The autobiography is powerful and honest-it offers no respite to the reader,especially those fed on the water and milk writings like Discovery of India .
How can the memoir offer respite?- It was written in the death cell of Gorakhpur Jail- in the words of Bismil ‘this cell is worse than a bird’s cage, there is no shadow around. Since morning eight till eight in the evening the solitary cell smoulders in the sun.Nights are full of mosquitoes. I have to stay content with couple of hours sleep’
It is in this cell Bismil wrote his Autobiography and his evaluation of the freedom struggle and his revolution and Kakori train robbery.

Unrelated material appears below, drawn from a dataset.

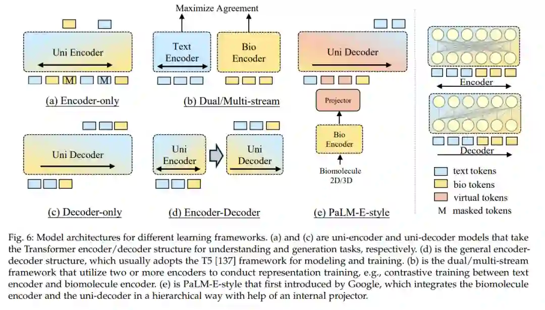 PaLM-E风格模型和双/多流模型进一步扩展了Transformer的应用,通过引入额外的编码器或投影器来增强模型处理多模态数据的能力。这些变体模型通过整合更广泛的生物学知识和数据,旨在提高模型在生物分子预测、生成和解释任务中的性能。

The last words – The Final chapter he wrote on 17 Dec. 1927 – is his voice calling to Indians of today. He describes the Kakori robbery fallout, reasons for his actions, His disappointments, his message to youth to educate India, especially the villages before embarking on revolution. Even on death row, Bismil was proud that via his mercy petitions and trials he had proven the British government as an unfair one. Another startling point which was a victory for Bismil was- at a time when British were fuelling Hindu-Muslim divide. They were forced to declare Ashfaqullah as Ram Prasad Bismil’s right hand man- a Muslim was the right hand man of an Arya samaji!!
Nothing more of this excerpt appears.